[Records contained in a dataset]
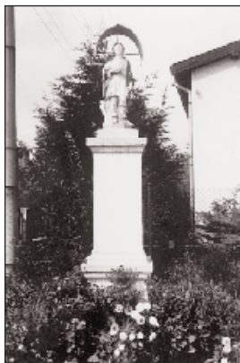
Szt. Vendel szobra

keresztre feszített színes (polikrómiás) Krisztus-testtel, ami kora barokk népművészeti munka a 17. század végéről. A barokk szenteltvíztartó a 18. század első feléből származik. A karzaton, amely három konvex-konkáv (domború-homorú megoldású) mellvédes árkádon nyugszik, 1837-ből származó orgona van elhelyezve; ezt a nyitrai káptalan költségén Klockner (Klokner) Károly pozsonyi mester készítette. Az orgona többszöri javítás után (legutóbb 1984-ben) ma is működik. Orgona már a 18. század 50-es éveiben is volt a templomban. A toronyban négy bronzharang van felfüggesztve. A nagyharang a Mindenszenteknek van szentelve, 1924-ben a nagyszombati Fischer testvéreknél öntötték, ugyanígy a kisharangot is, amelyet Szűz Máriának, az Egek Királynőjének szenteltek. A másik kisharangot is a Fischer testvéreknél öntötték 1896-ban, a Szentháromságnak szentelték, jól olvasható rajta a felirat: MILENIUMI EMLÉK.
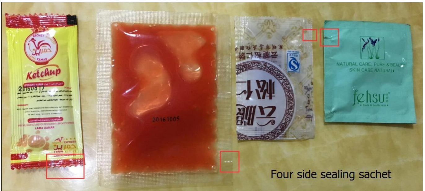
Four side sealing sachet
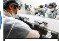
手をきれいに洗う
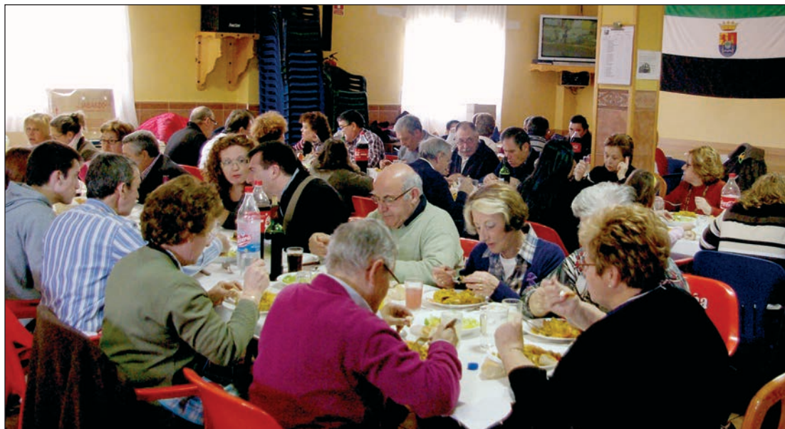
Los socios se reúnen los fines de semana para compartir la comida

El desarrollo industrial de Azuqueca de Henares atrajo en la década de los años sesenta del siglo XX a un gran número de trabajadores procedentes de distintos lugares de España. Muchos de esos nuevos vecinos procedían de Extremadura y, una vez asentados, la añoranza de su tierra les animó a fundar en 1997 la Casa de Extremadura, un lugar para compartir vivencias, recordar anécdotas y mantener tradiciones
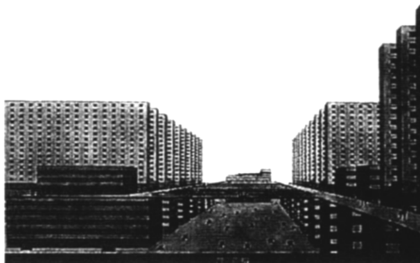
1. Ludwig Hilberseimer: vertikálne mesto, 1924. Ideové pozadie súčasných problémov – človek jednotlivec sa ocitol až na konci úvah.

Vývoj urbánnych systémov pri zjednodušenom pohľade môže byť kontinuálny alebo zlomový. Kompetícia
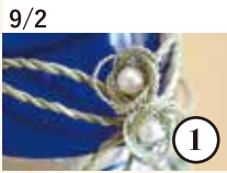
9/2 くにさき七島蘭 ボトルホルダー作り
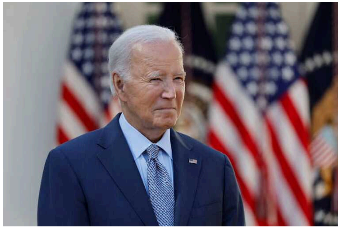
Вибори в США: вперше за місяць Байден випередив Трампа

На думку журналістів Forbes, ці результати пов'язані із визнанням Трампа винним у справі про виплати порноакторці.
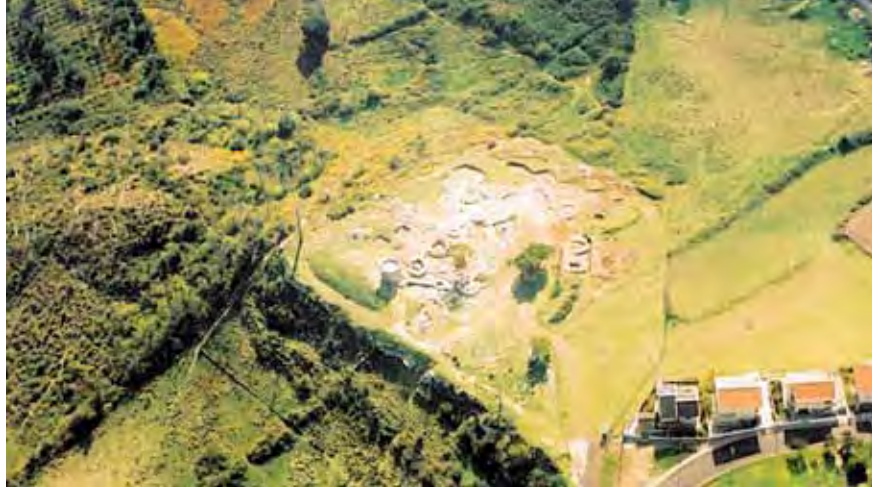
Vista aérea do povoado pré-histórico fortificado de Leceia, cujas escavações se desenvolveram ao longo de vinte anos (1983-2002), conduzindo à identificação integral de um vasto povoado fortificado calcolítico, de importância científica e patrimonial internacional.

Bird's-eye view of the fortified pre-historic settlement of Leceia, where excavations were carried out over the course of twenty years (1983-2002), leading to the complete excavation of a vast fortified settlement dating back to the Chalcolithic period of international scientific and historical import.
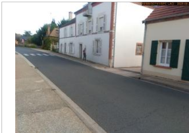
Vue du site en 2025

Coordonnées WGS84 : X: 1.67342500 / Y: 47.65464000
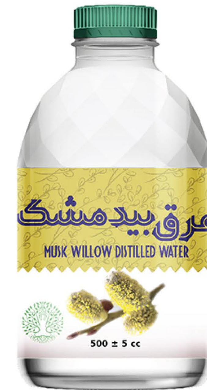
عرق بیدمشک حجم بطری: نیم لیتر رویال کیفیت: گرید دارویی
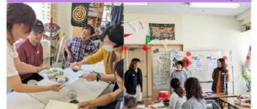
中国語で話す場所を作りたいという思いから始まった交流サークルです。中国茶、中国語五七五、春節など季節ごとの体験を楽しみました。(全4回)
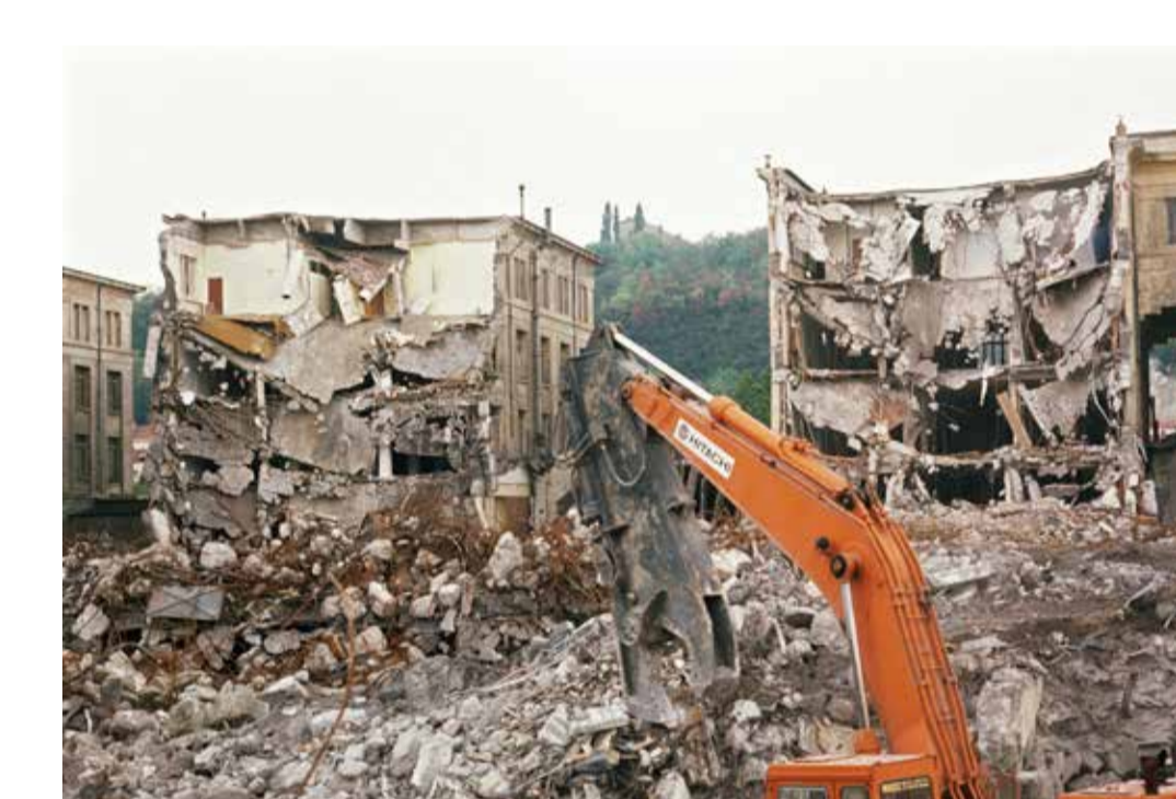
Démolition du Palais de la foire, Lyon 6 e 1990, diapositive restaurée
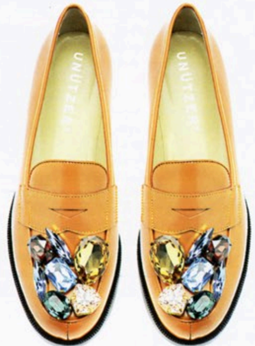
Bling on the Run: Loafer von Unützer für Achtland
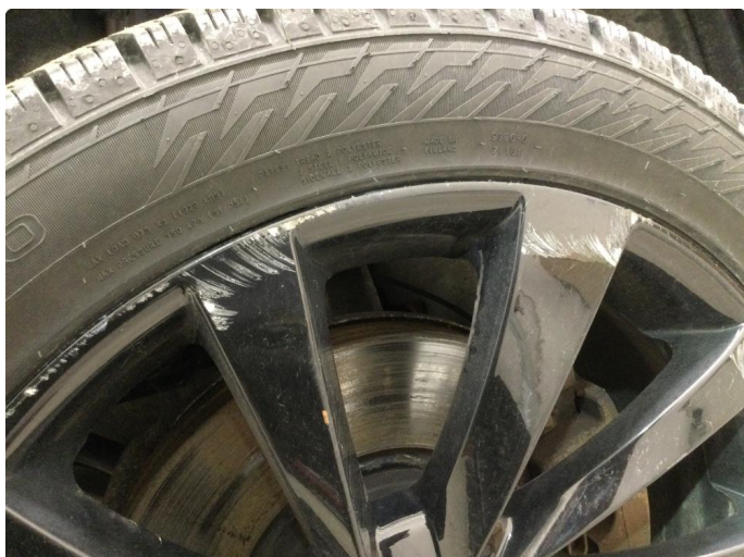
1.1 Ripe (r) gjennom lakk
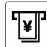
キャッシュサービス Cash service 현금인출 서비스 取款机 ※2
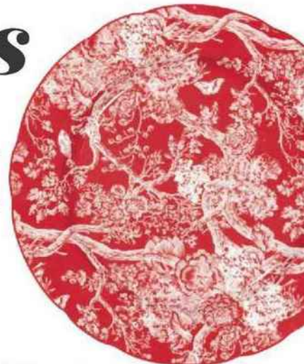
Façon couture Assiette de présentation en porcelaine de Limoges, Ø 31 cm, service « Toile de Jouy », 130 €, Dior Maison.

SÉLECTION STÉPHANIE HURÉ ET KARINE VILLAME.
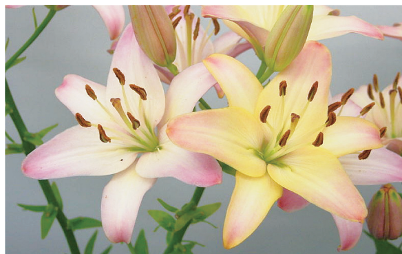
花色が変わる「きらりマジック」 （右：開花直後 左：開花2日後）
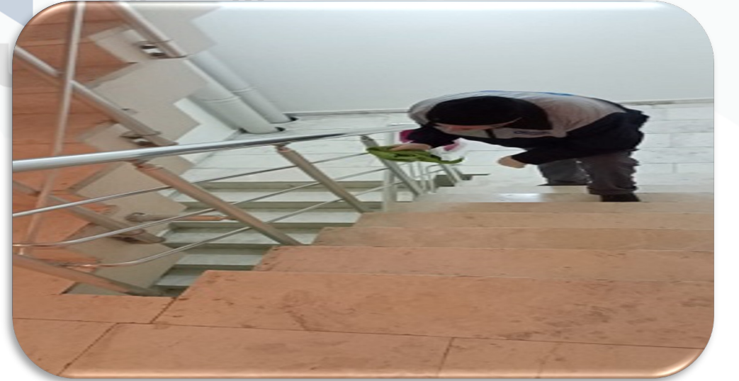
Bina geneli merdiven küpeşterinin temizliği gerçekleştirilmiştir.
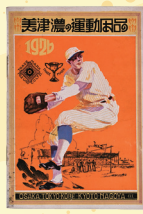
美津濃の運動用品カタログ 大正時代 兵庫県立歴史博物館所蔵
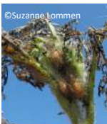
Nymphe à la base des feuilles

**Problem description**. Scan the records above for the string "service", and copy every line where it turns up.

**Task answer**.
キャッシュサービス Cash service 현금인출 서비스 取款机 ※2
Façon couture Assiette de présentation en porcelaine de Limoges, Ø 31 cm, service « Toile de Jouy », 130 €, Dior Maison.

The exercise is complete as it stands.